Diesen verpassten Treffer vor holt der HSC gleich nach der Pause nach: Kreisläufer Martin Slaninka trifft nach 39 Sekunden zum 17:10. Obwohl sich Leo Grazioli, der nun beim Heimteam zwischen den Pfosten steht, gleich mit einer Parade in die Partie einführt, ist der Vorsprung des HSC bis zur 34. Minute auf fünf Treffer (17:12) geschmolzen. Seinen Anteil daran hat auch TVE-Torhüter Vit Schams, der gleich zwei Paraden aneinander reiht.

Allerdings holt sich der HSC die Sieben-Tore-Führung in den folgenden Minuten zurück und ist in der 38. Spielminute beim Stand von 19:12 wieder alles beim alten. Und dabei bleibt es vorderhand: Das Skore entwickelt sich nun nämlich mehr oder weniger gleichmässig weiter – und so führt der Favorit auch etwas über zehn Minuten vor der Schlusssirene weiterhin mit sieben Treffern (26:19).

Doch dann schlägt die Minute von HSC-Flügel Gian Attenhofer: Innert 17 Sekunden verwertet der rechte Flügel in der 51. Spielminute gleich zwei schnelle Gegenstösse und stellt damit auf 28:19. Da kann auch Torhüter Yves Imhof nichts machen, der inzwischen beim TVE zwischen den Pfosten übernommen hat. Auch auf der Gegenseite wurde im Tor rotiert: Marajanc ist für die Schlussphase in den Kasten zurückgekehrt.

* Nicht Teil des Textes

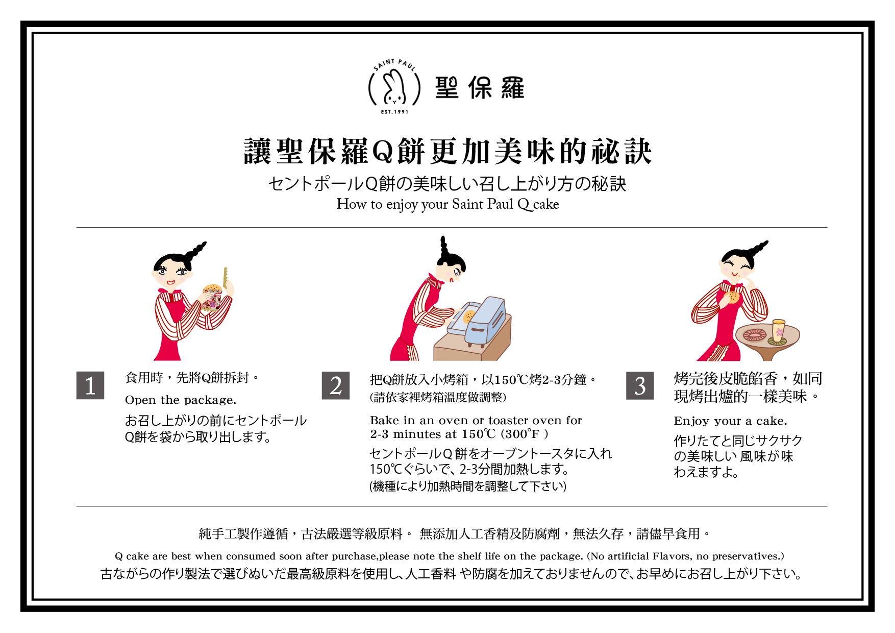 Introducing Saint Paul Q-Cakes: Each handmade pastry boasts a multi-layered texture that is crispy, not greasy. Savor the soft, elastic mochi and enjoy the delicate aftertaste of first-class red bean paste.
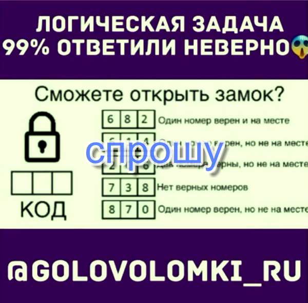 Из первого кода правильно получается цифра 2 (так как 8 из 4 не правильно, а шесть есть и в 1, и во втором на одинаковых местах). Из второго цифра 4. И из третьего цифра 3.
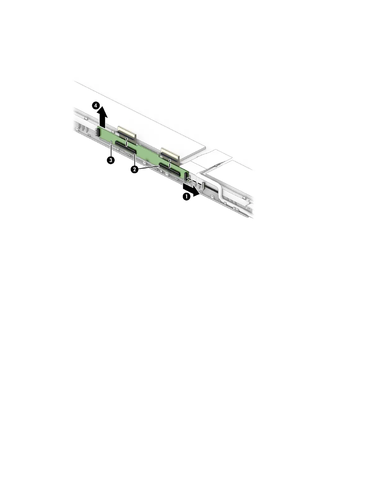 the touch screen board on the display assembly (1), and then remove both touch screen cables from the
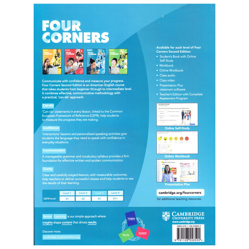 کتاب Four Corners مطابق با سیستم آمریکایی بوده و امروزه یکی از پرطرفدارترین کتاب های آموزشی در سرتاسر جهان است. این کتاب بر چهار مهارت اصلی به میزان مساوی متمرکز بوده و مناسب آن دسته از افرادی است که مشتاق یادگیری زبان انگلیسی در زمان کوتاه و به بهترین نحو ممکن می‌باشند. هر بخش از کتاب شامل ارائه واژگان جدید، دستورزبان کاربردی و خوانش‌های مناسب با انها می باشد. همانطور که گفته شد کتاب حاضر درصدد آن است تا با ارائه دروسی جامع و هدفمند مهارت‌های چهارگانه را بی کم و کاست پوشش داده و آموزشی پویا و جذاب را فراهم آورد.
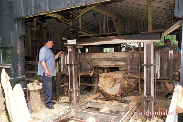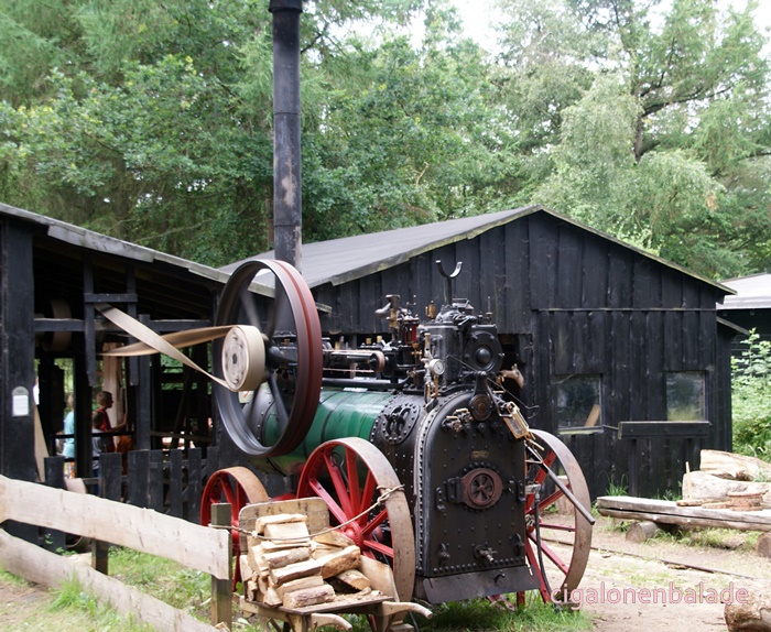 Dans la scierie, on trouve une scie à bûches, une scie à ruban et une scie à cadre actionnées par une machine à vapeur construite en Angleterre par Marshall & Sons Co.
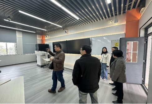随后,90级优秀校友代表也在学院党委书记肖小琼、党委副书记孟源以及学院数学基础部杨洪老师的陪同下,对学院进行了参观。从宽敞明亮的教室到设备完善的现代化实验室,肖书记和杨洪老师都细致入微地为校友们做了详细的解说。
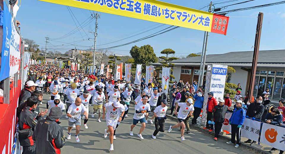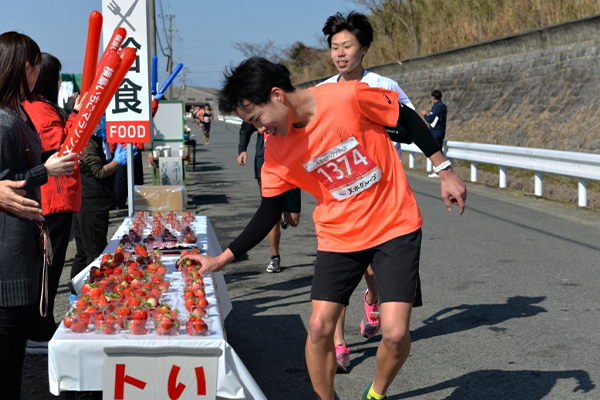 「横島いちごマラソン大会」は、ハーフマラソン以下、5つの種目から成る大会。いずれも、エイドでは地元特産の自慢のいちごやミニトマトが食べ放題! 大人から子どもまで楽しめるレースです。
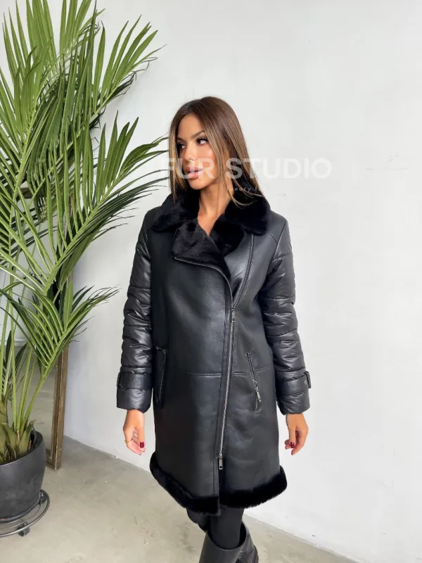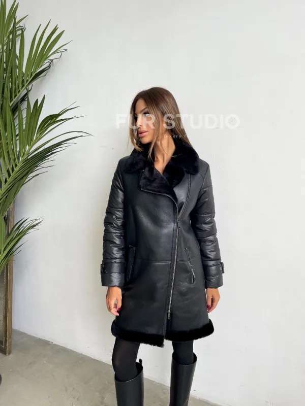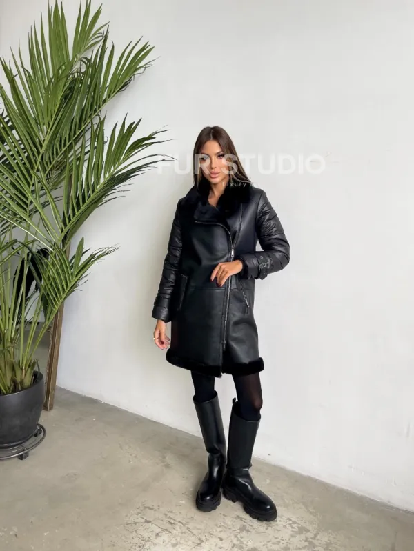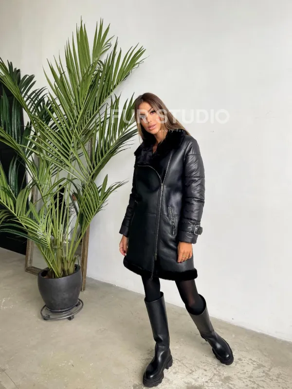 Удобные карманы позаботятся о тепле ручек в непогоду. Прямой крой скрывает недостатки фигуры и зрительно удлиняет силуэт. Роскошный воротник позаботится о тепле шеи и подчеркнет ее изящество. Ремни на рукавах делают образ экстравагантным. Купить авиатор дубленку из натуральной овчины в бежевом оттенке могут современные девушки, которые любят выглядеть стильно в любое время года.
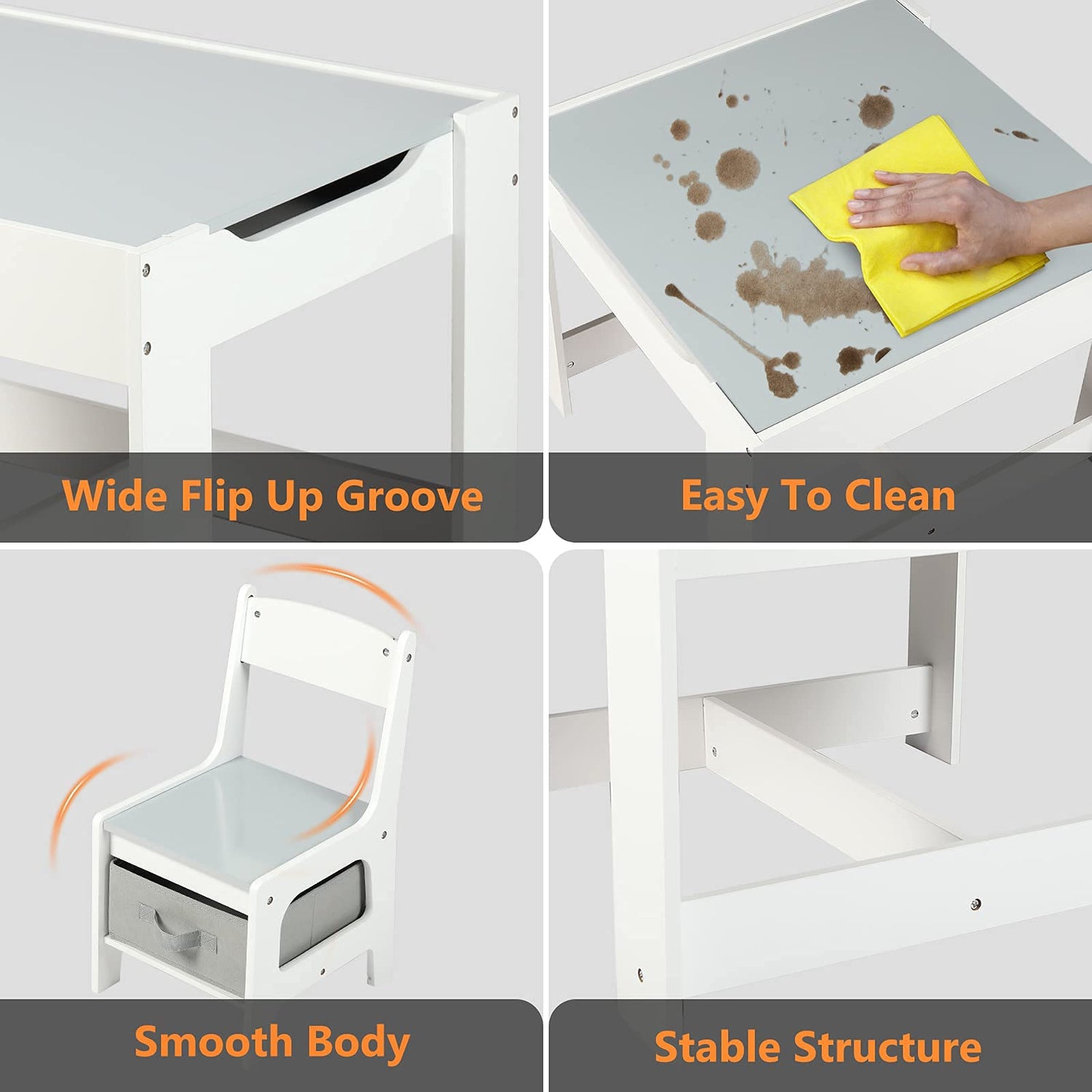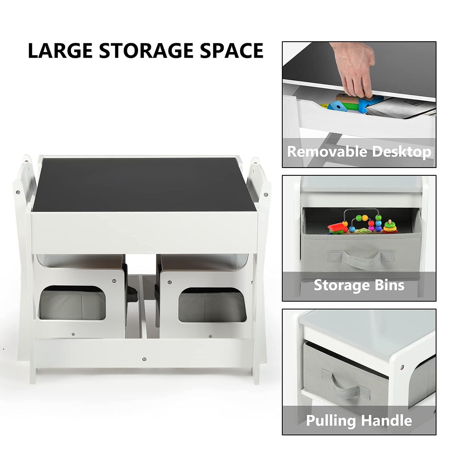 Kinder King Kids Wood Table & 2 Chairs Set, 3 in 1 Children Activity Table w/Storage, Removable Tabletop, Blackboard, 3-Piece Toddler Furniture Set for Art, Crafts, Drawing, Reading, Playroom, Grey
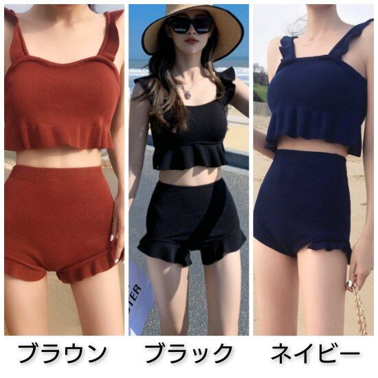 水着 タンキニ ビキニ 上下セット 2点セット 体型カバー フリル 3色 オレンジ ブラック ネイビー カジュアル 可愛い 水着 タンキニ 上下セット 体型カバー フリル 大きいサイズ 可愛い
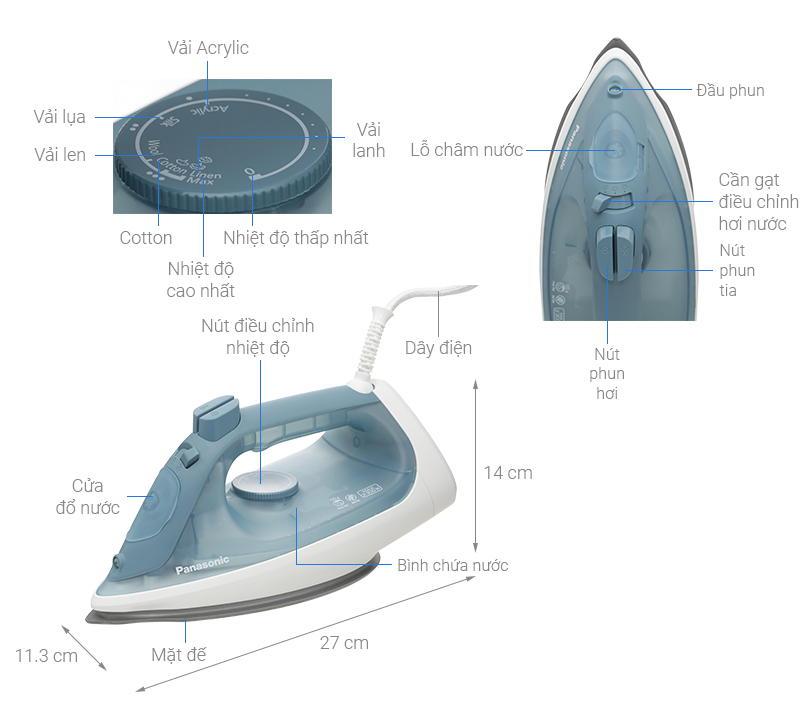 – Có nhiều chức năng ủi: phun hơi, phun tia, ủi khô và ủi hơi nước.
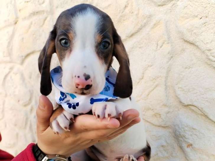 Notre élevage naisseur vous propose un magnifique chiot Teckel mâle né le 1er janvier 2026, à la robe piebald de couleur exotique, pour 2 000 euros. Disponible immédiatement, il est identifié par puce, vermifugé et vacciné selon son âge.

Die Frage nach dem Sieger dieses ersten Aargauer Geisterderbys ist natürlich längst geklärt. Gleichwohl stecken die Endinger nicht auf und versuchen zumindest noch etwas Resultatkosmetik zu betreiben. Allerdings ändert sich bis zur Schlusssirene nichts mehr an der Tordifferenz und der HSC Suhr Aarau besiegt den TV Endingen schlussendlich mit 32:23.